If Javascript/HTML/CSS had the cross-browser support for scripting, display, formatting, etc that Flash/Flex does, I'm sure more people would consider it a serious option.

There are many things that can be done in Flex that are impossible or extremely hard and fiddly in Javascript (and I'm not talking about animations, but about user workflow tasks like uploading a bunch of files). There are many other things that can easily be done in HTML/CSS/JS but don't quite work across all major browsers. That last 1% really kills you by taking a huge chunk of time to fix.

Flex interfaces, on the other hand, work exactly the same no matter what browser you're using. Many of our clients are still stuck on IE6 because of corporate policies.
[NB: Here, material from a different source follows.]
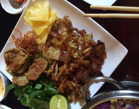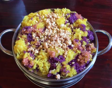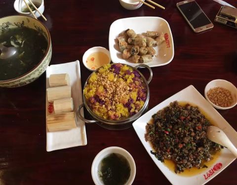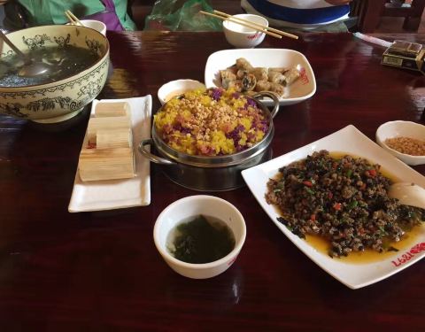 环境很棒,吃的东西比较精致,味道也符合我们的口味!点了一个竹筒饭、一个五彩米饭、一个烤香猪肉、4个小蒸卷、一个蝦饼、一个蝦卷、一个汤、一个紫苏炒鸡肉沫!四个人吃撑,个人觉得烤香猪肉差点,其他都很好,这个紫苏炒鸡肉沫很好吃!下饭必点,不过牙不好的要小心吃,里面有鸡骨一起宰的!价格也公道,一共255!

Trying to reproduce our interface in Javascript would be very hard and wouldn't work properly for most of them.

To paraphrase you, if Javascript had more of the capabilities of Flash maybe Flash wouldn't be needed.


On word: typefaces. (translation: vector fonts).


What if the standards suck? Sorry but Javascript doesn't cut it for a lot of things (video for one).

Web standards unfortunately move at an insanely slow pace. So sometimes you have to go beyond them.